Breast Cancer :: Tumor free breast tissue can have precancerous changes

A new study using mastectomy tissue shows that precancerous changes can occur in normal-appearing areas of the breast as distant as two inches from a tumor’s edge. The findings, while preliminary, might have important implications for identifying breast-cancer patients at high risk of a second tumor in the same breast.

Researchers looked for ? and found ? a chemical change called DNA methylation in healthy tissue adjacent to breast tumors.

They measured this chemical change in a gene that often becomes highly methylated in breast cancer. The gene, called RASSF1A, is a tumor-suppressor gene. Tumor-suppressor genes normally protect cells from becoming cancerous, but the gradual silencing of these genes by abnormal methylation is thought to be an early change in cancer development.

In addition, the study identified three other genes that were abnormally methylated in both tumor and normal tissues.

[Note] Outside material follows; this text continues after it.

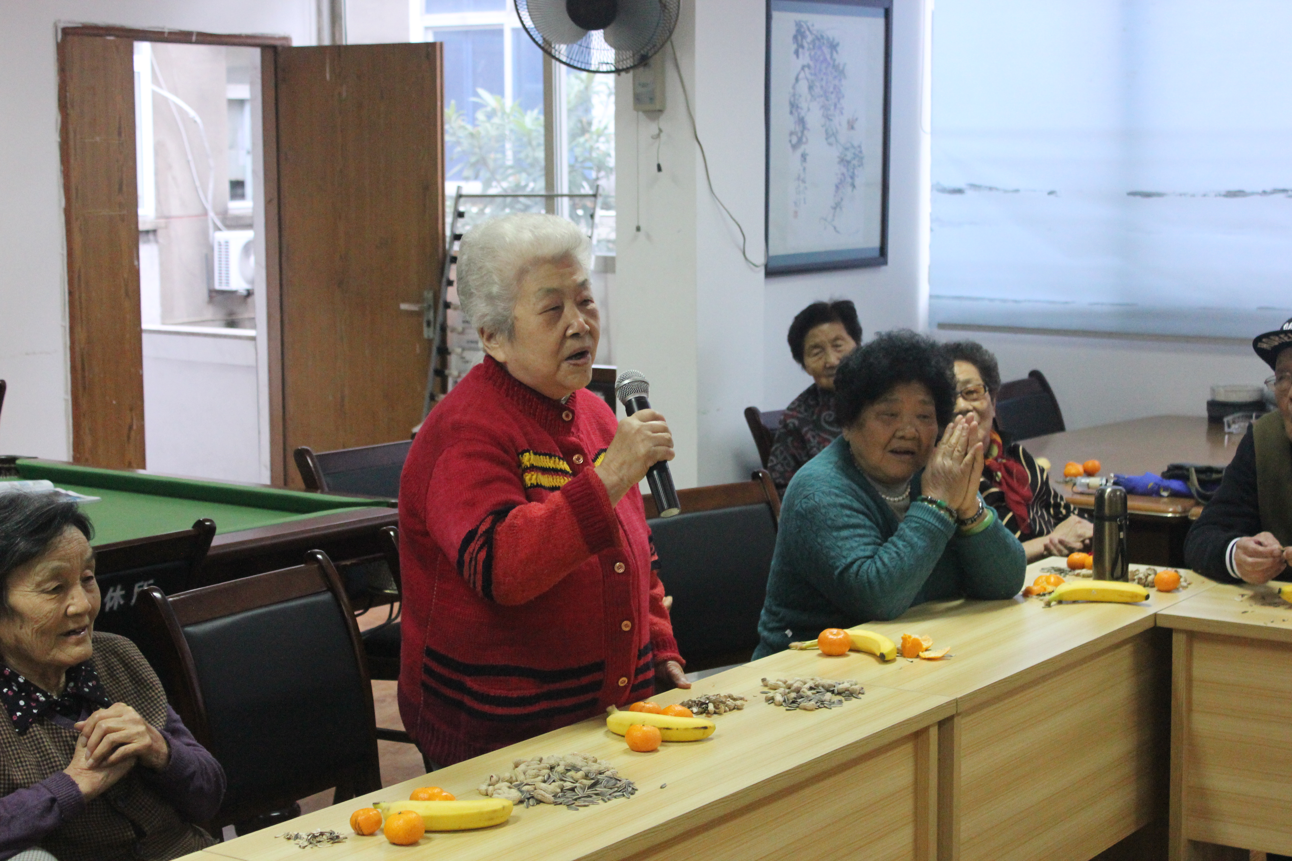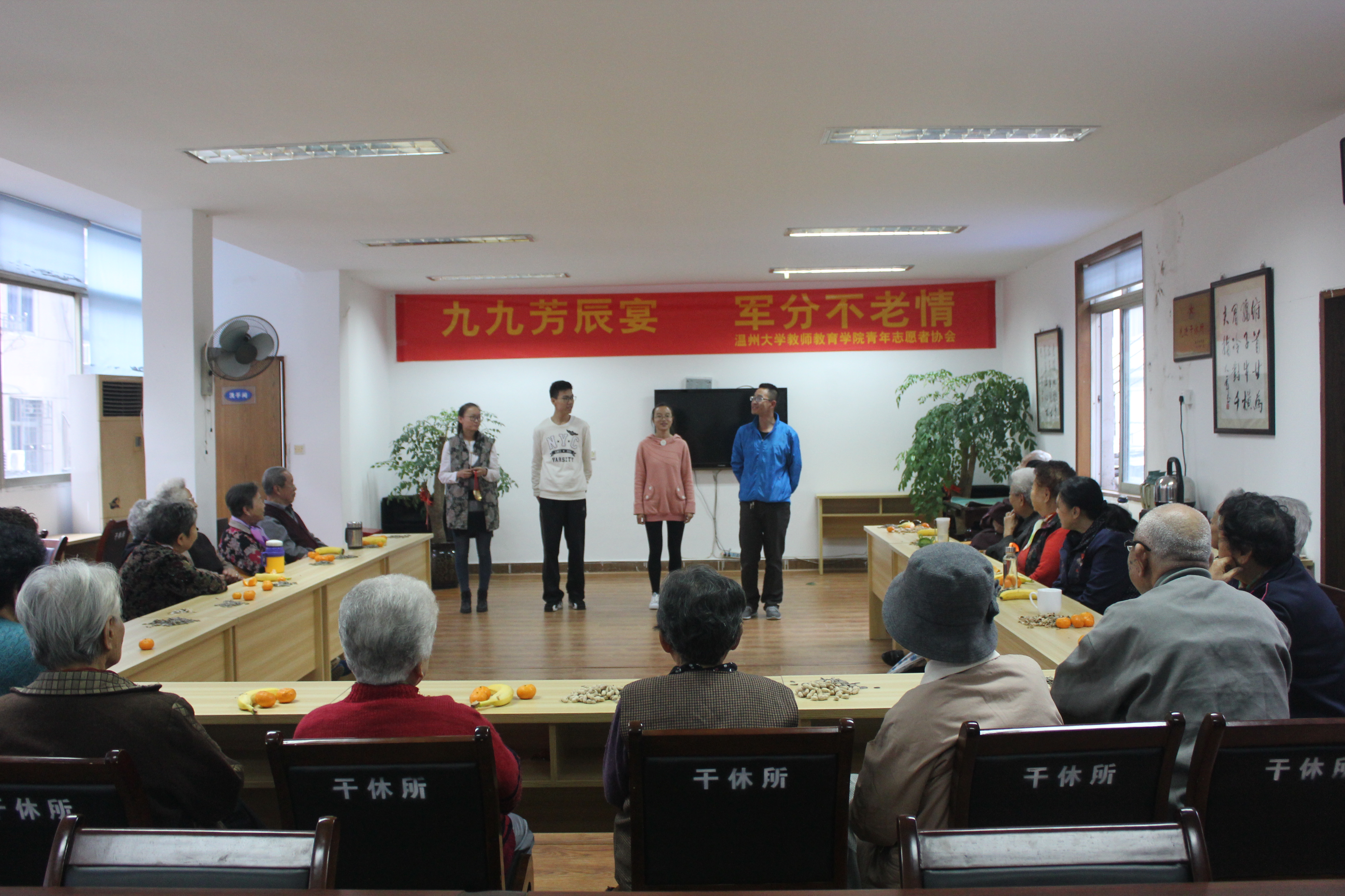 当爷爷奶奶步履蹒跚地走进来的时候,干事们早就为爷爷奶奶挪开了椅子,一手扶着老人,一手位老人指引,场面温馨至极,爷爷奶奶的眼睛眯成了一条线,笑容里透着孩子般的喜悦与激动,“每次你们来都让我们这么开心。”的确,不管怎样,只要爷爷奶奶开心,我们付出多少努力都是值得的。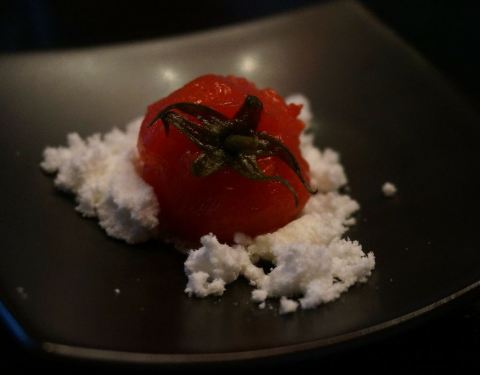 去年餐厅周的时候这家店是一位难求,今年稍微好了些,于是约了小伙伴蛮足下愿望。 餐桌多为沙发座,舒适度还是不错的,只是不靠窗边的话,即使大白天也有点暗,阿拉喜欢亮亮哒。 开胃菜是糖番茄,阿拉其实想装秀...

The study, led by researchers at the Ohio State University Comprehensive Cancer Center ? James Cancer Hospital and Solove Research Institute and at H. Lee Moffitt Cancer Center and Research Institute, is published in a recent issue of the journal Clinical Cancer Research.

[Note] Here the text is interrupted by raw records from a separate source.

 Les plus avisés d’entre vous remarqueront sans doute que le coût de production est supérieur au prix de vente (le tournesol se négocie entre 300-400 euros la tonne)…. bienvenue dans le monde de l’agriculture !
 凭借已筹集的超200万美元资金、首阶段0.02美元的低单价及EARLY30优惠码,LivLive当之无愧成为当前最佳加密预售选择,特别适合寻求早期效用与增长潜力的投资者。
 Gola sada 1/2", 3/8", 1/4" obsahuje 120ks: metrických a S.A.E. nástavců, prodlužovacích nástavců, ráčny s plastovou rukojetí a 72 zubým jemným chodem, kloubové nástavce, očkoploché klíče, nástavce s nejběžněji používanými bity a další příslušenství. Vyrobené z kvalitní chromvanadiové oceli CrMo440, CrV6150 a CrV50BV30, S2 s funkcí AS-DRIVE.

“This is evidence that DNA methylation is a very early event in tumor development, and that genes that are methylated might serve as useful markers for early cancer detection and diagnosis,” says principal investigator Tim H-M. Huang, professor of molecular virology, immunology and medical genetics with Ohio State’s Comprehensive Cancer Center.

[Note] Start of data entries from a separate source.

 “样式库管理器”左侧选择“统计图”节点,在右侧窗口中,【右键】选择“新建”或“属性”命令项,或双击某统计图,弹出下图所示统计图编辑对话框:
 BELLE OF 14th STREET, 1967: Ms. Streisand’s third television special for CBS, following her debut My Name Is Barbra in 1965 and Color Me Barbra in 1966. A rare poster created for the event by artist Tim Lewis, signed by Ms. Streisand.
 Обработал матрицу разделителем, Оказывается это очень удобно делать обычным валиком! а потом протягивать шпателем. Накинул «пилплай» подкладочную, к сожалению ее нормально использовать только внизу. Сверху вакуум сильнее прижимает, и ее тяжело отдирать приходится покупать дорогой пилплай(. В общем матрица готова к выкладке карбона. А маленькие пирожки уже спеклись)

“Our study might also help explain why, in the absence of radiation therapy, breast cancer often recurs near the site of the original tumor following a lumpectomy,” says first author Pearlly S. Yan, research assistant professor of molecular virology, immunology and medical genetics and a researcher and a researcher in Huang’s laboratory. Lumpectomy is a surgical procedure in which only the tumor tissue is removed.

If the findings are verified in more patients, they might lead to a prognostic test that could help doctors estimate a woman’s risk of cancer recurring near the surgical site.

Evidence began emerging 10 years ago that the healthy tissue adjacent to breast tumors may show precancerous changes, but the means to study the question comprehensively were not available until recently.